On Fri, Apr 5, 2019 at 7:55 PM Larry Evans via Boost
On 4/5/19 7:46 PM, Emil Dotchevski via Boost wrote:
On Thu, Apr 4, 2019 at 4:30 PM Gavin Lambert via Boost < boost@lists.boost.org> wrote:
The problem with transitioning to an otherwise valid but unexpected state is that it may end up evaluating unintended code
This is why I made the analogy with std::vector. Let's say you always
put
exactly 10 elements in all your vectors, but then you assign one vector to another, and that fails, and now (unexpectedly?) you have an (otherwise valid) vector with fewer than 10 elements.
Such is life. This is how the basic guarantee works, you get an unspecified but valid state.
(Granted, continuing evaluation on a faulted variable is already a bug in itself, but you are making detection of that bug harder by not putting the value into an obviously-faulted state.)
I do not think that it is a bug to access an object that is in a valid state.
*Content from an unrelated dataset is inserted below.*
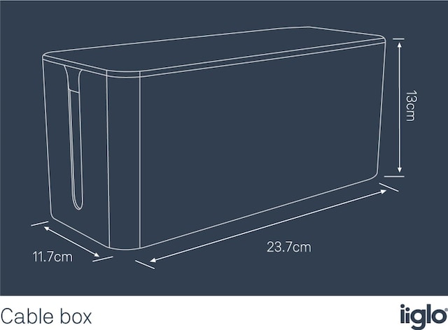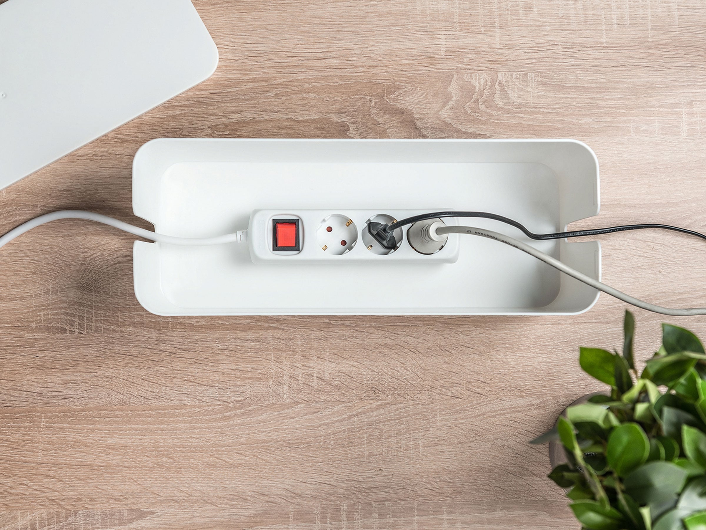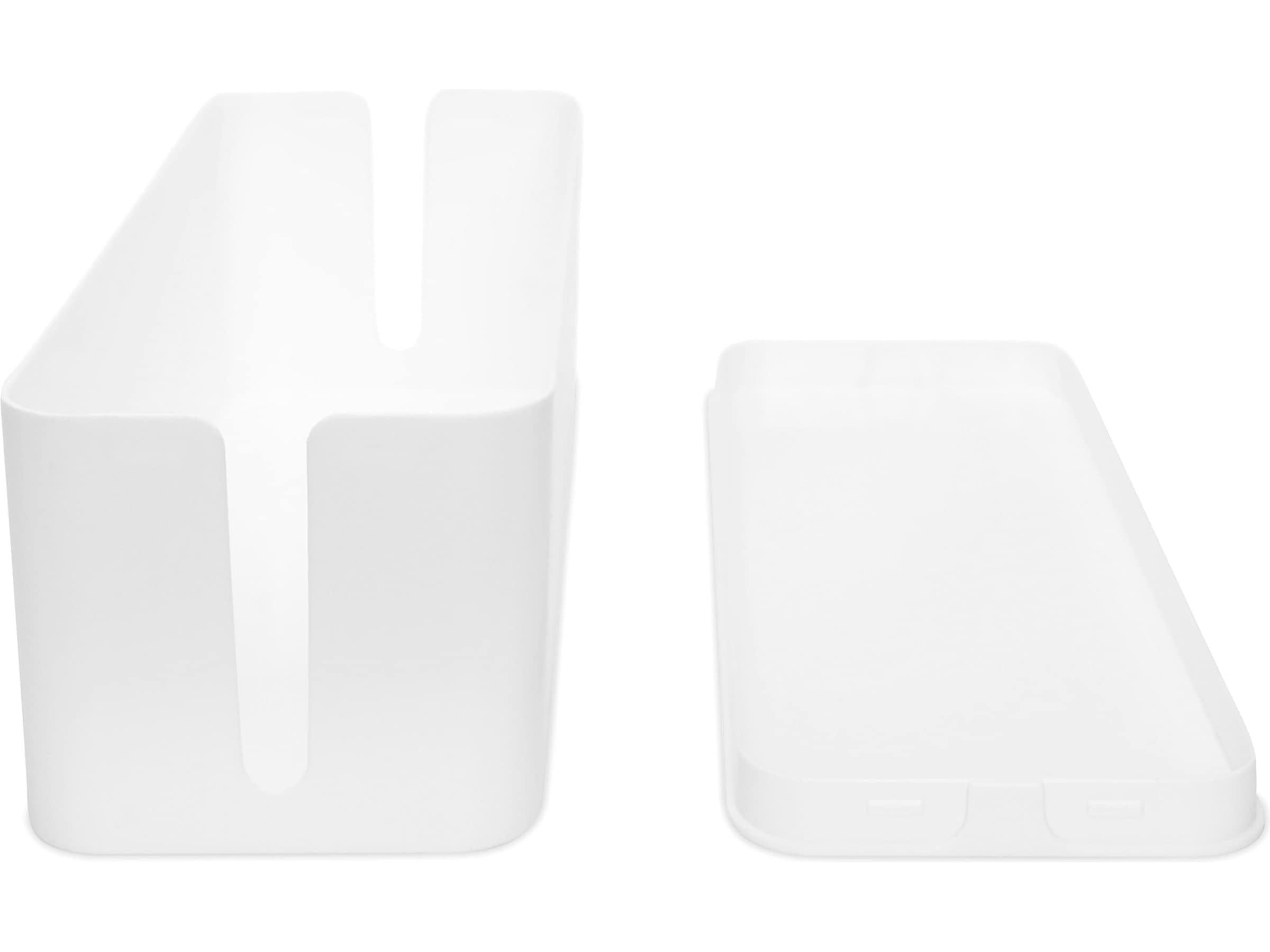 Har du en rotete haug med skjøteledninger og kabler liggende rundt skrivebordet ditt? iiglo kabelboks er en perfekt løsning for å holde hjemmet eller kontoret ditt ryddig og organisert! Legg alle ledninger, skjøteledninger og adaptere i boksen og lukk lokket for å skjule alle rotete kabler og beskytt dem mot støv og vannsøl. Med sin minimalistiske design og hvite overflate passer den inn i alle innredningsstiler. Få en slutt på kabelrotet i dag!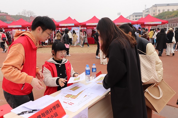 (通讯员 蒲佳莹 章怡 石卓)3月4日上午,由湖南省教育局主办、我校承办的2023届师范类高校毕业生春季招聘会于北院田径场举办。为保障招聘会的顺利开展,数学与统计学院团委青年创新创业指导中心(以下简称“数统院青创中心”)组织“雷锋小站”志愿活动,助力招聘会。数统院团委学生副书记曾皓楠担任负责人,共五名志愿者参加活动。

In fact, the reason why the state is defined as valid is so that you can safely work with that object, even after a failure was reported.
I'm guessing "unexpected" could mean the std::vector could have some arbitrary number of elements all filled with random values. I don't see how you can do anything useful with that.
The values aren't random, they are guaranteed to be valid. From the point of view of the type system and what a vector is, it is illogical to complain that it has fewer than 10 elements. It is fine for vectors to have fewer than 10 elements. The way I formulated the example makes it feel like there is something wrong with that state, because we always put 10 elements in all vectors and now we find one with fewer than 10. But this has nothing to do with vector. To do this correctly, we need to write a wrapper type for vector that has a size-10 invariant, then define the appropriate safety guarantees for that type.